The Panasonic Digital Concepts Center, through its newly established Technology Collaboration Center, is seeking to invest in four to five start-ups working on Linux technology for embedded computing systems such as consumer electronics devices. Through the initiative, which was launched Tuesday, the company will help the start-ups develop technology and find partners.

Panasonic and its Japanese parent, Matsushita, have been keen on Linux for consumer electronics. The company sells an advanced set-top box and 3G mobile phone that use the open-source operating system; it's also using Linux in consumer electronics for automobiles and home audiovisual products that are under development, a company representative said.

Embedded Linux is an active area of technology development. Wind River, a powerhouse in embedded technology, now has joined the Linux fray, challenging specialists such as MontaVista Software and TimeSys.

Another company, FSMLabs, is taking a different approach to embedded Linux, combining the open-source operating system with its own proprietary one, RTLinuxPro. The approach is tailored for applications that require very fast "real-time" response.

On Tuesday at the Embedded Systems Conference in Boston, FSMLabs said that its dual-kernel approach can result in a guaranteed response time of 8 microseconds--or 8 millionths of a second. MontaVista, which uses a Linux-only approach, has a latency of 98 microseconds, which the company says is still about 100 times better than a standard Linux kernel.

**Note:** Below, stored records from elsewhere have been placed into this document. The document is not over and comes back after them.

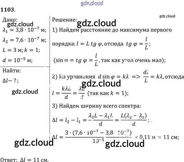 Ответ на задание 1103 Задачник Физика за 10, 11 (десятый, одиннадцатый) класс Рымкевич УМК 2013
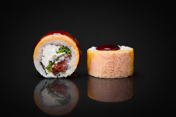 Рис, нори, сыр сливочный, томат, салат микс, сыр чеддер, бекон, соус терияки, кунжут.
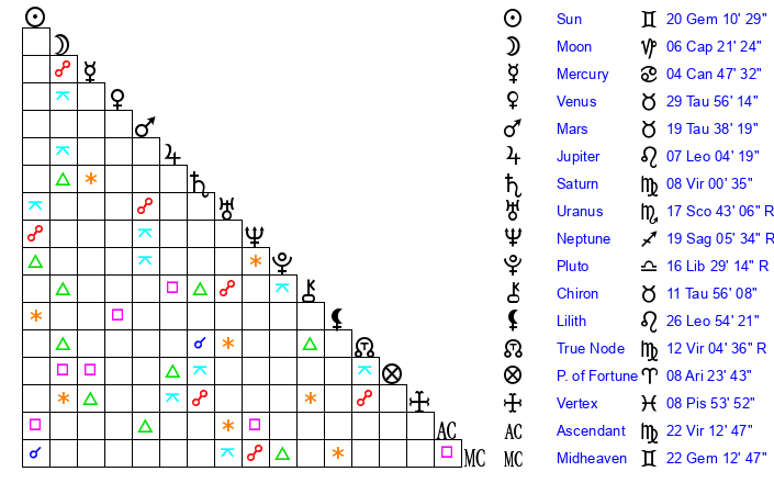 | Moon | 6 Capricorn 19 | 25 Sagittarius 28 | 13 Virgo 43 |
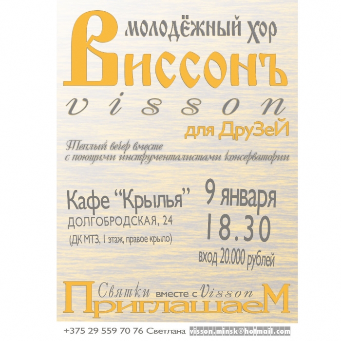 Молодёжный хор «Виссонъ» 9 января в 18:30 приглашает провести тёплый вечер с поющими инструменталистами БГАМ в кафе «Крылья» (улица Долгобродская, 24, ДК «МАЗ», I этаж, правое крыло). Цена входного билета 20 000. По вопросам приобретения обращаться по тел.: +375 29 559 70 76 Светлана.

FSMLabs announced the speed test on a system using a dual-core Opteron processor from Advanced Micro Devices.

LynuxWorks, a traditional embedded operating system company that has added a Linux product, also announced a hybrid approach at the conference. A software foundation called LynxSecure lets the company's BlueCat, a version of Linux, and LynxOS-178, a proprietary operating system, run in separate partitions on the same computing system.